A review from Children's Literature also commented on themes such as "youth versus age, new versus tradition and the discovery that foreign others are often not very different from oneself." Some reviewers have also noted that references to racism and discrimination can be gleaned from the text. A Kidreads reviewer notes that "[Hunter] also cleverly deals with the theme of racism through a unique and honest approach—three bears of different color, different backgrounds and different beliefs turn to each other for survival and friendship."

==Publication history==
The first series contains a total of six books. Seekers was originally going to be named "The Clawed Path," as the journey the four bears make through the first series is referred to as "the clawed path." At the last minute, the title was changed so that it would seem similar to the Warriors series. Holmes was initially unhappy with the change, but has since said that she has come to like it and the way it looks on the covers of the books.

The first novel of the series, The Quest Begins, was first featured on the HarperCollin's FirstLook Program in November 2007. Readers who signed up for the program had a chance to read an early edition of the book, an Advanced Reader's Copy, before it was published and released in stores. The Quest Begins was released in the United States on 27 May 2008. The book was also released as a paperback on 10 February 2009 and late as an e-book on 6 October 2009.

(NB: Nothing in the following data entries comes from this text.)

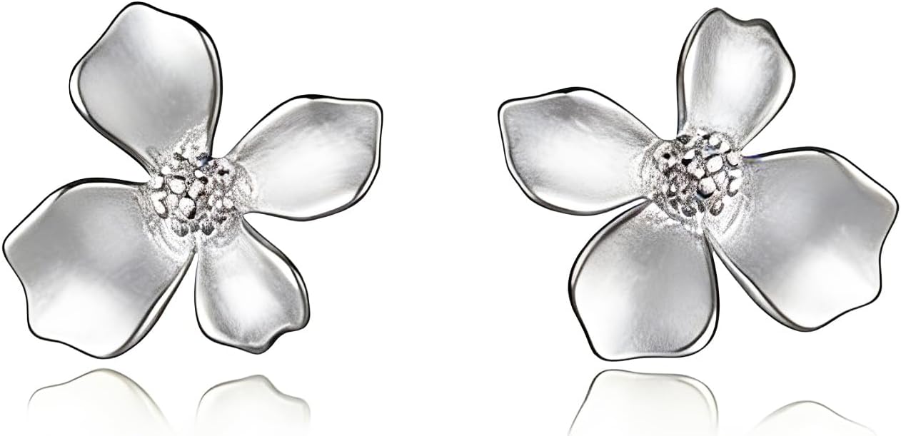 Solid 925 Sterling Silver Flower Stud Earrings for Women Teens Gardenia Flower Post Stud Earrings Wedding Hypoallergenic
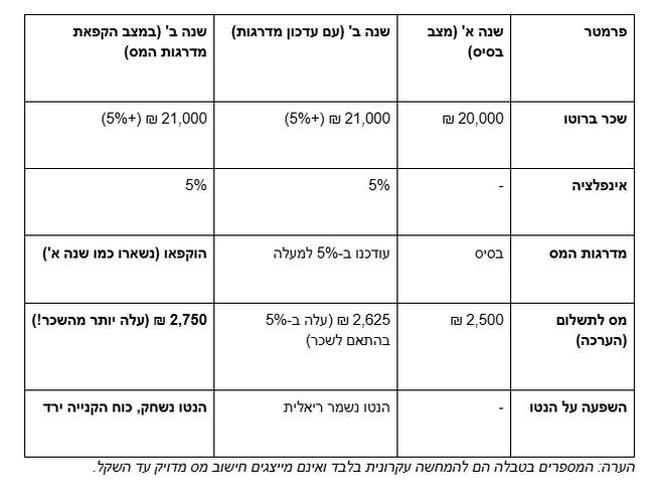 כדי להבין את המספרים, בואו נסתכל על טבלה שמציגה תרחיש היפותטי של עובד שקיבל העלאת שכר בגובה האינפלציה (5%), ובודקת מה קורה למס שלו במצב של עדכון מדרגות לעומת הקפאה.
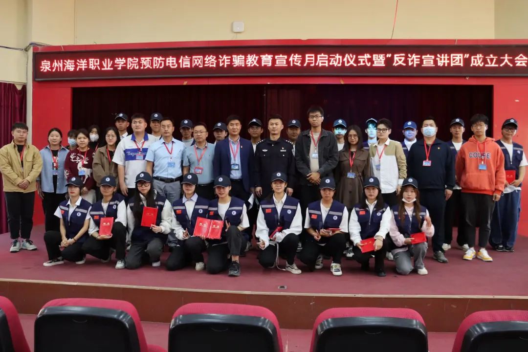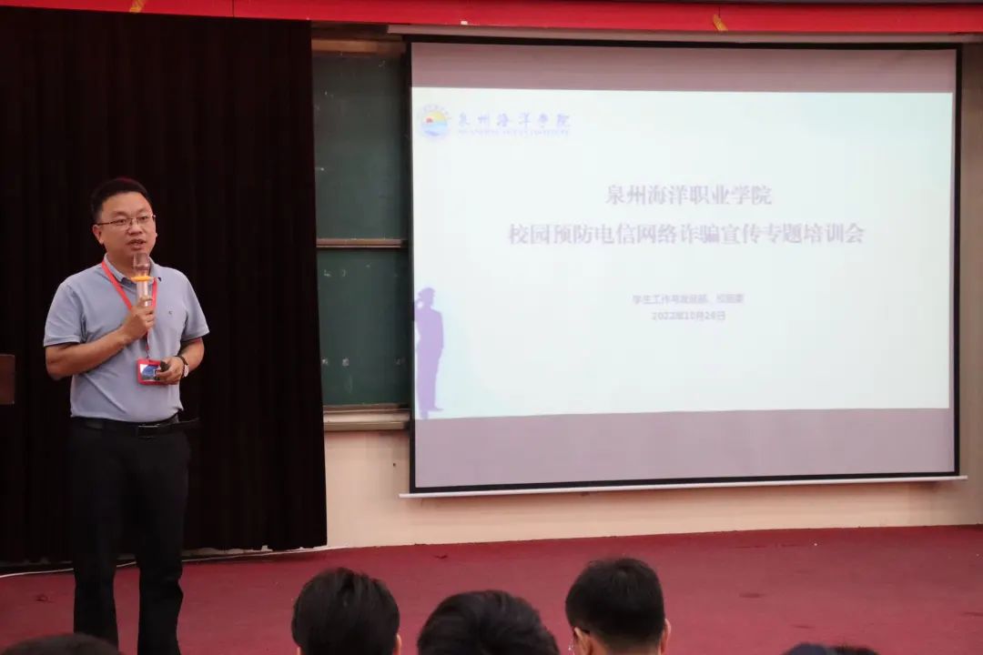 (新闻中心讯 刘志珍供稿 校党委宣传部报道)为提高我校师生的反诈、防骗能力,进一步做好预防电信网络诈骗工作,10月26日,泉州海洋职业学院首届预防电信网络诈骗教育宣传月启动仪式暨“反诈宣讲团”成立大会在2204报告厅举办。祥芝海防派出所警官林鹏辉、学工部部长张君,学工部副部长、校团委书记屈先锋、相关负责老师和学生参加了会议。学工部林淑婷老师主持会议。

The books have also been released in the UK and Canada. Canada received the first book on 25 May 2008. The UK releases have different covers than the Canadian and US covers. In the UK, only the first, second, third and fourth books were released. The first three books have also been translated into Russian.

==Critical reception==
Seekers has received generally positive reviews. Publishers Weekly praised the suspenseful ending of the first book and thought readers would find great interest in the bears' struggle to survive. Booklist found the plot of the first book to have an "interesting balance of cute anthropomorphic characterization and realistic attention to bear behaviors." School Library Journal wrote "from the first page, this story is exciting and refreshing" and "[t]he plot is fast paced, and the author is apt at creating and sustaining the adrenaline-charged mood of these youngsters on their own." Kirkus Reviews commented that "Hunter creates a richly sensuous world filled with cruelty, beauty, tenderness, savagery and just enough underlying legendary background to add mystery." However, the reviewer also felt that too much detail went into developing the characters and setting, and that little focus was given to the book's plot.